Rajoy has promised to introduce legislation calling for a raise in the retirement age and to make it more difficult for Spaniards to take on part-time retirement benefits. Some analysts believe that the new pledges are part of the Popular Party (PP) government’s strategy to show that it is implementing harsher reforms in an effort to convince Brussels not to force more bitter medicine on Spaniards — as it did in Greece, Portugal and Ireland — when the bailout funds are eventually requested.
In an interview published on Sunday in Abc, Economy Minister Luis de Guindos said that he didn’t think that Brussels would impose stricter measures because Spain has already taken the initiative of its own accord.

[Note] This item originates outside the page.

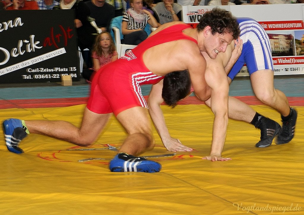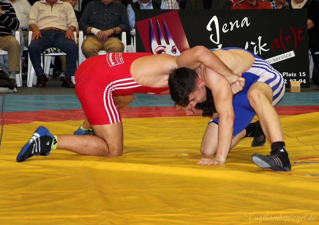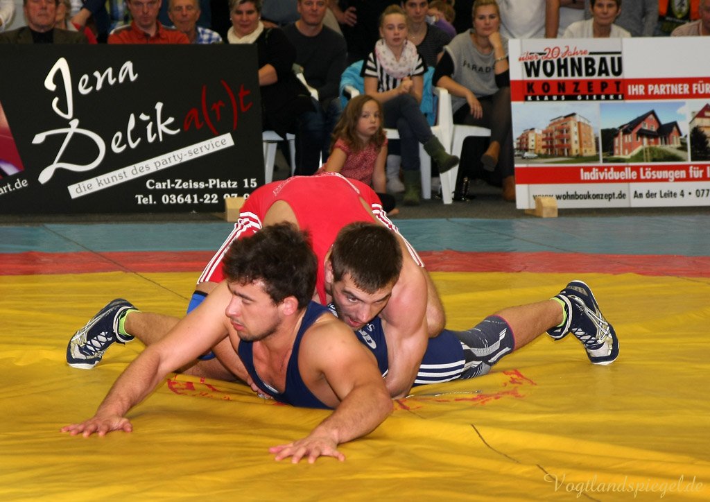 Die Greizer konnten aus verschiedenen Gründen zum Abschluss der Vorrunde nicht mit ihrer stärksten Mannschaft antreten. Trotzdem konnte mit viel Kampfgeist und Herz vor geschätzt 400 Zuschauern ein überzeugender Sieg errungen werden. Heißester Favorit auf Greizer Seite war Vladimir Codreanu (55 kg/Freistil), der zum Auftakt auf den erst 14-jährigen Joel Wrensch traf und diesen in nur 55 Sekunden beim Stande von 10:0 schulterte. (Kampfstand aus Greizer Sicht: 4:0) Jetzt hat es auch die Greizer erwischt, erstmals in dieser Saison konnten sie eine Gewichtsklasse nicht besetzen. So kam im 120 kg-Limit der DM-Dritte Toni Bernhardt kampflos zu den Punkten. (4:4) Mateusz Bierzanowski (60 kg/greco) traf auf den 34-jährigen Robert Lehmann, der mit diesem Kampf seine aktive Laufbahn beendete. Beide kämpften verbissen, ohne sich technische Vorteile zu erarbeiten. Beim Publikum kam langsam Derbystimmung auf. Der erfahren Kampfrichter Jörg Jähnichen aus Gelenau vergab zuerst eine Einserwertung an den Jenenser, dann an den Greizer. Da es im Ringen schon lange kein Unentschieden mehr gibt, entschied die letzte Wertung über den Sieg, der so nach Greiz ging. Ein Remis wäre wohl gerechter gewesen. (6:5) Die Vergleiche zwischen Sebastian Wendel (96 kg/Freistil) und Michael Dengler, der ehemaligen Zimmergenossen an der Sportschule, gehen immer sehr knapp aus. Bei der deutschen Meisterschaft siegte der wieder nach Jena zurückgekehrte Ex-Greizer. Diesmal konnte Wendel wieder triumphieren. Mit einer starken kämpferischen Leistung bog er einen 0:1 Rückstand mit Hilfe zweier 30 Sekunden-Strafen in einen 2:1 Erfolg um und trotzte auch der Schlussoffensive des Jenaers. (8:6) Radoslaw Kisiel (66 kg/Freistil) musste sich mit dem deutschen Vizemeister Mario Koch auseinandersetzen. Es kam zu einem hochklassigen und punktreichen Gefecht. Der Greizer ging zwar durch Beinangriff 2:0 in Führung, doch der 35-jährige Routinier machte aus einer Aktion noch vor der Pause 6 Punkte. Kisiel kämpfte sich auf 5:6 heran. Als es so aussah, als ob der Jenenser konditionell abbauen würde, setzte dieser noch einmal alles auf eine Karte und drängte den nie aufgebenden Kisiel von der Matte: 5:7. So ging es mit 9:8 für Greiz in die Pause, nach der Tom Linke (84 kg/greco) auf Thomas Leffler traf. Der Greizer musste in der zweiten Minute zu Boden, gab aber keinen Punkt ab, sondern überraschte seinen Widerpart mit einem Angriff sofort nach Beginn des Standkampfes. In der zweiten Halbzeit baute er mit einem Konter die Führung auf 4:0 aus und kam kampfbestimmend noch zum 5:0. Eine starke Leistung. (8:12) Als klarer Favorit traf der 18-jährige Lucas Bast (66 kg/greco) auf den gleichaltrigen Tillmann-Joseph Germar. Nach etwas mehr als einer Minute brachte der Greizer seinen Gegner zu Boden. Dann ging alles sehr schnell.

De Guindos also said Madrid wasn’t in a rush to ask for a European bailout and would wait until the ECB lays out the conditions for such assistance, adding that the government has covered 70 percent of its financing needs for this year.
ECB President Mario Draghi said last Thursday that the conditions in which his institution would resume its bond-purchasing program would be outlined in about two weeks, suggesting that the ESF and ESM would be used for that purpose.
Meanwhile, the Socialists have demanded that Rajoy cut short his vacation in his native Galicia and appear before Congress with Finance Minister Cristóbal Montoro. Socialist lawmakers formally filed the petition on Monday in the congressional register asking them to explain projected budget cuts for 2013 and 2014. The Cabinet last Friday approved some 38.9 billion euros in cuts for next year, and 50 billion for 2014 as part of a proposal sent to Brussels.